Вот тебе раз! Вот вам и инкогнито.
– Почему вы думаете, что он пишет? Это кто-нибудь спутал… Вам еще скажут, что и я пишу.
– Говорили, будто ты из “Русского слова”, – спокойно отвечал он. – Да мне-то все равно.
– Кто же это сказал?
– А я и не помню, – подчеркнуто повторил он мой ответ на свой вопрос, кто, мол, рассказывал мне о радениях.
Запомнил, значит, что я ответить не захотела, и теперь отплачивает мне тем же: “А я и не помню!”
Кто же нас выдал? Ведь была обещана полная конспирация. Это было очень странно…
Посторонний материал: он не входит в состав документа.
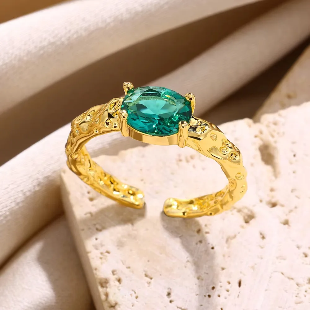 MW Wholesale Women's Trendy Retro Style Ring Natural Stone Stainless Steel Advanced 18K Gold Plating Geometry Fashion Ring
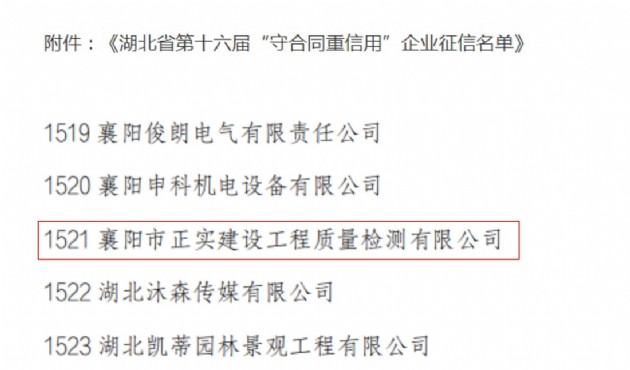 近日,襄陽(yáng)市正實(shí)建設(shè)工程質(zhì)量檢測(cè)公司順利通過(guò)湖北省市場(chǎng)監(jiān)督管理局評(píng)審,榮獲“湖北省守合同重信用企業(yè)”稱號(hào)。&ldq

Подошел Розанов и, делая вид, что просто проходит мимо, насторожил ухо. Я засмеялась и, показывая на него, сказала Распутину:
– Да вот он меня не пускает.
– Не слушай его, желтого, приходи. А его с собой не води, он нам не нужен».
Мемуар ужасно смешной и нелепый, включая осведомленность Распутина о «Новом времени» и «Русском слове» и очевидную авторскую пренебрежительность, даже брезгливость и к В. В., и к Г. Е., так что даже знаменитое, опять же ахматовское «прямая речь в мемуарах – уголовно наказуема» здесь неприменимо ввиду явно недокументального характера текста. Однако если попытаться суммировать именно розановское отношение к человеку, оставившему у большинства его современников столь нехорошую о себе память, то Распутин для Розанова есть явление не просто не случайное и
«Гришка есть величайший феномен религиозной истории, куда важней лютеранских мелочей… он был вовсе не мнимый, вовсе не воображаемый… а – подлинный, с верою в него как в бога… и имевший “точь-в-точь успехи”, как в Египте… – писал он Перцову. – Очевидно, он и был “форменно” богом в царской семье. Но тайна нескончаемая заключается в том, как он мог выучить, или, вернее, как мог передать или внушить музыку бесконечной нежности к себе, деликатности, молитвенности. Как он мог стать иконою. А он стал…»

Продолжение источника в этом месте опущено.